===== SUPPLIED MATERIAL

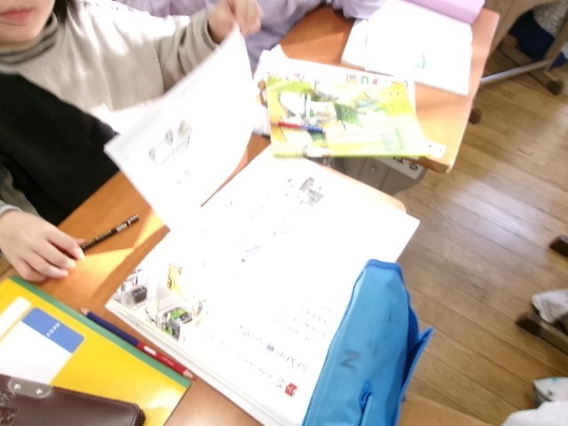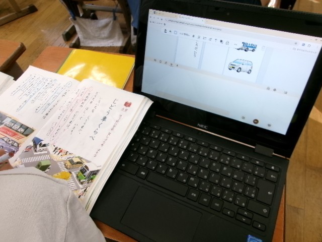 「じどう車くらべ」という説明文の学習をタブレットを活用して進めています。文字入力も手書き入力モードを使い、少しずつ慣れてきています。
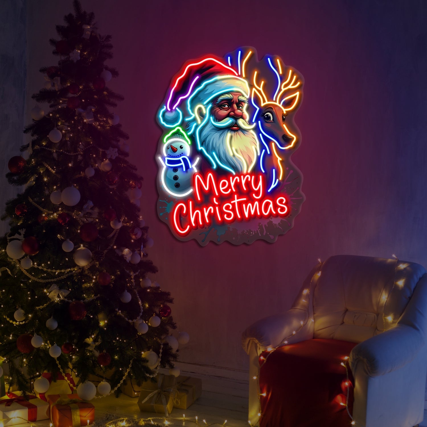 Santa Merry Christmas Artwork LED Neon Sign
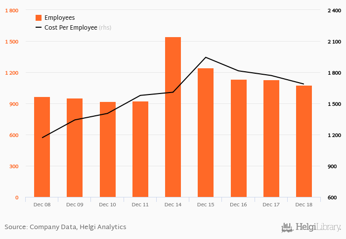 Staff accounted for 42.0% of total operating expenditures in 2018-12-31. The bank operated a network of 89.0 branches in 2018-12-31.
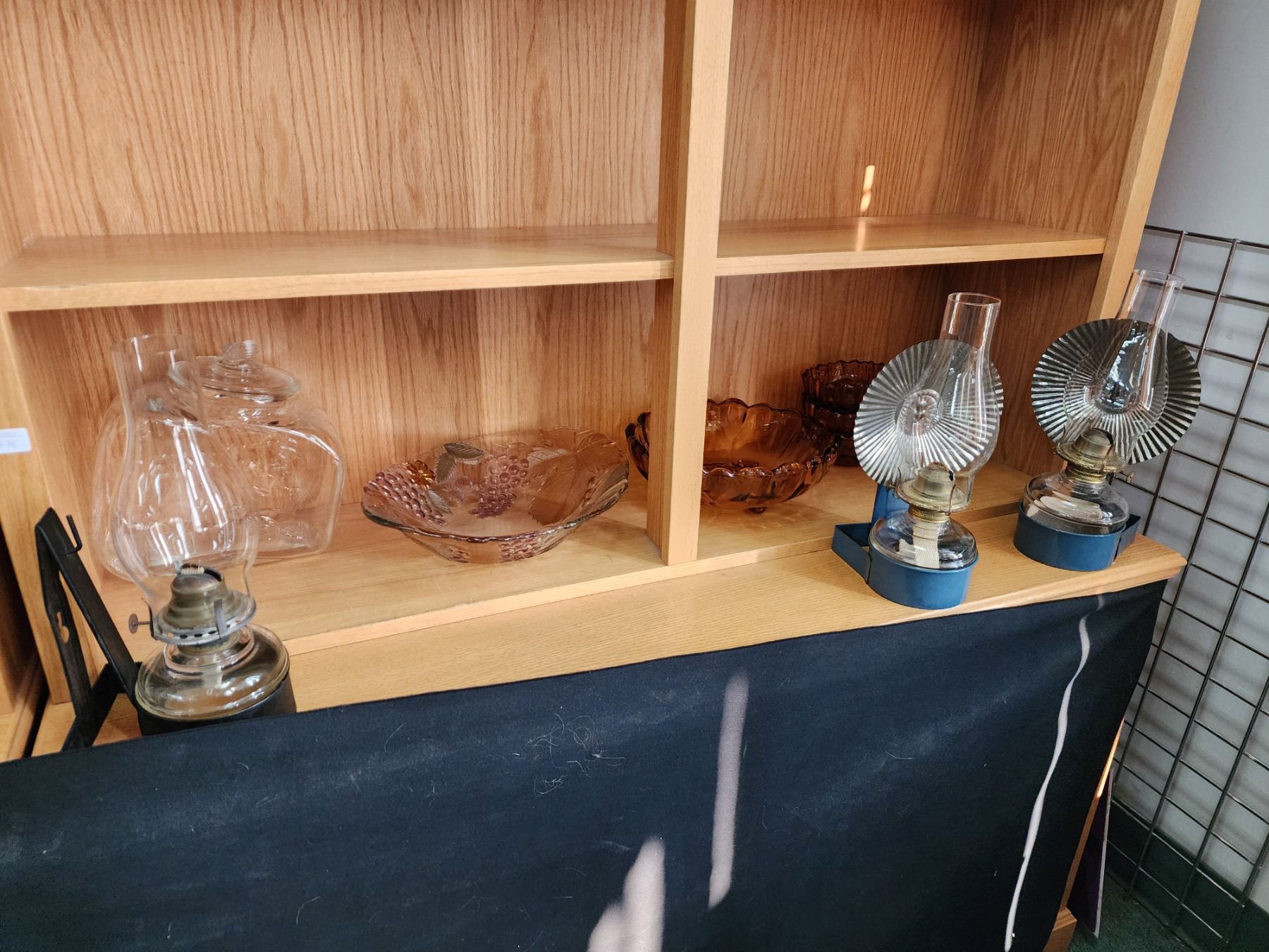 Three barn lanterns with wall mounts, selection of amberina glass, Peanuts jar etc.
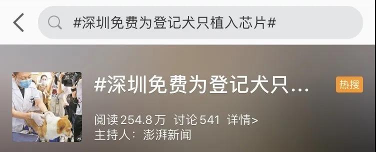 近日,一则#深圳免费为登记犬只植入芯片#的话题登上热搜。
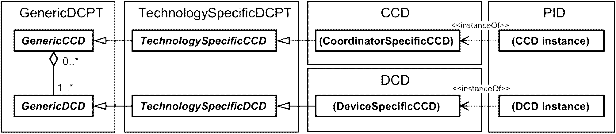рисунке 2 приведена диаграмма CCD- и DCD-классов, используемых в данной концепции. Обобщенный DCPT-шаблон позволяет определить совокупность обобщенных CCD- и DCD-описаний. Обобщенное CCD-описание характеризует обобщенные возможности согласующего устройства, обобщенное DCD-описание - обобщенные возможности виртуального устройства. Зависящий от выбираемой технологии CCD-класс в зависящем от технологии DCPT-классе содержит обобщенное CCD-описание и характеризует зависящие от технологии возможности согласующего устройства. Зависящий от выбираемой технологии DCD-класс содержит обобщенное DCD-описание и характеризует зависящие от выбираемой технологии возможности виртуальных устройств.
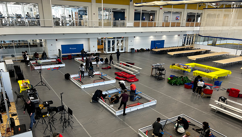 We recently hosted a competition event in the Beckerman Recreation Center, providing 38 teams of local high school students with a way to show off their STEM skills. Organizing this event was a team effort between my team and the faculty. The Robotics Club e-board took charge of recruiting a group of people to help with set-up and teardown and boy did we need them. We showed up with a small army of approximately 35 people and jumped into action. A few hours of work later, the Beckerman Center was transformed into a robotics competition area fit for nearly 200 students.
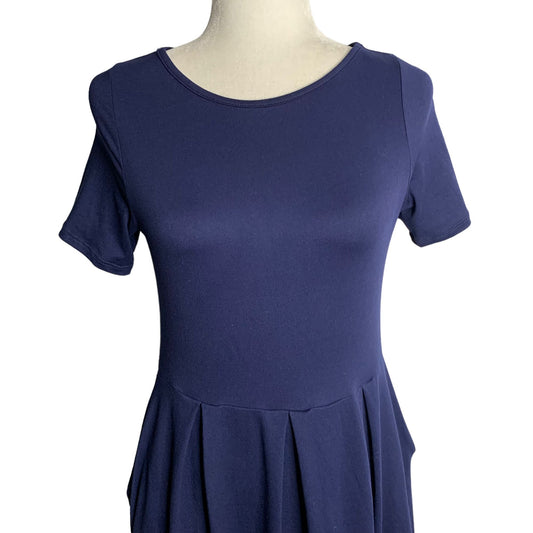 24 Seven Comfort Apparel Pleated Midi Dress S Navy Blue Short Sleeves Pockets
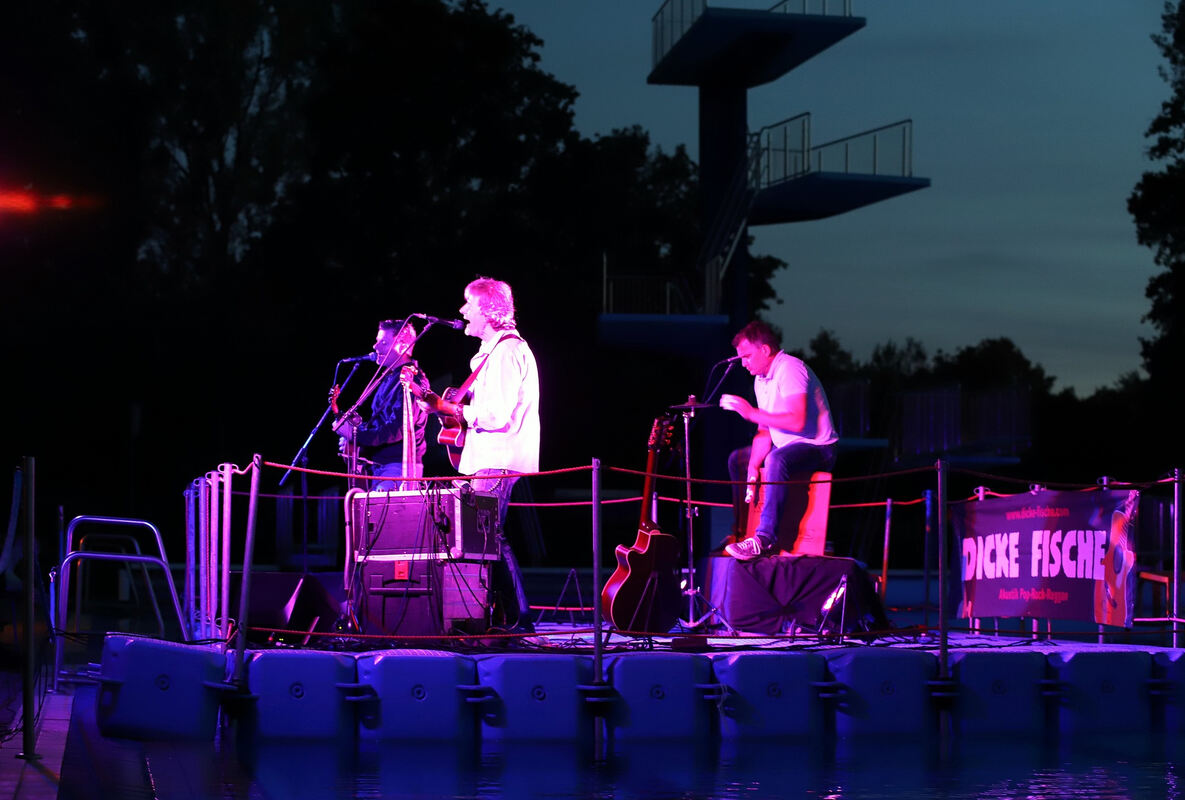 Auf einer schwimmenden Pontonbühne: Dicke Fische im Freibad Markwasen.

==========

> WHAT IS EXPECTED:
Your answer must be an exact repeat of the records above, with no pictures in it.

> OUTPUT FOR THIS EXERCISE:
 「じどう車くらべ」という説明文の学習をタブレットを活用して進めています。文字入力も手書き入力モードを使い、少しずつ慣れてきています。
 Santa Merry Christmas Artwork LED Neon Sign
 Staff accounted for 42.0% of total operating expenditures in 2018-12-31. The bank operated a network of 89.0 branches in 2018-12-31.
 Three barn lanterns with wall mounts, selection of amberina glass, Peanuts jar etc.
 近日,一则#深圳免费为登记犬只植入芯片#的话题登上热搜。
рисунке 2 приведена диаграмма CCD- и DCD-классов, используемых в данной концепции. Обобщенный DCPT-шаблон позволяет определить совокупность обобщенных CCD- и DCD-описаний. Обобщенное CCD-описание характеризует обобщенные возможности согласующего устройства, обобщенное DCD-описание - обобщенные возможности виртуального устройства. Зависящий от выбираемой технологии CCD-класс в зависящем от технологии DCPT-классе содержит обобщенное CCD-описание и характеризует зависящие от технологии возможности согласующего устройства. Зависящий от выбираемой технологии DCD-класс содержит обобщенное DCD-описание и характеризует зависящие от выбираемой технологии возможности виртуальных устройств.
 We recently hosted a competition event in the Beckerman Recreation Center, providing 38 teams of local high school students with a way to show off their STEM skills. Organizing this event was a team effort between my team and the faculty. The Robotics Club e-board took charge of recruiting a group of people to help with set-up and teardown and boy did we need them. We showed up with a small army of approximately 35 people and jumped into action. A few hours of work later, the Beckerman Center was transformed into a robotics competition area fit for nearly 200 students.
 24 Seven Comfort Apparel Pleated Midi Dress S Navy Blue Short Sleeves Pockets
 Auf einer schwimmenden Pontonbühne: Dicke Fische im Freibad Markwasen.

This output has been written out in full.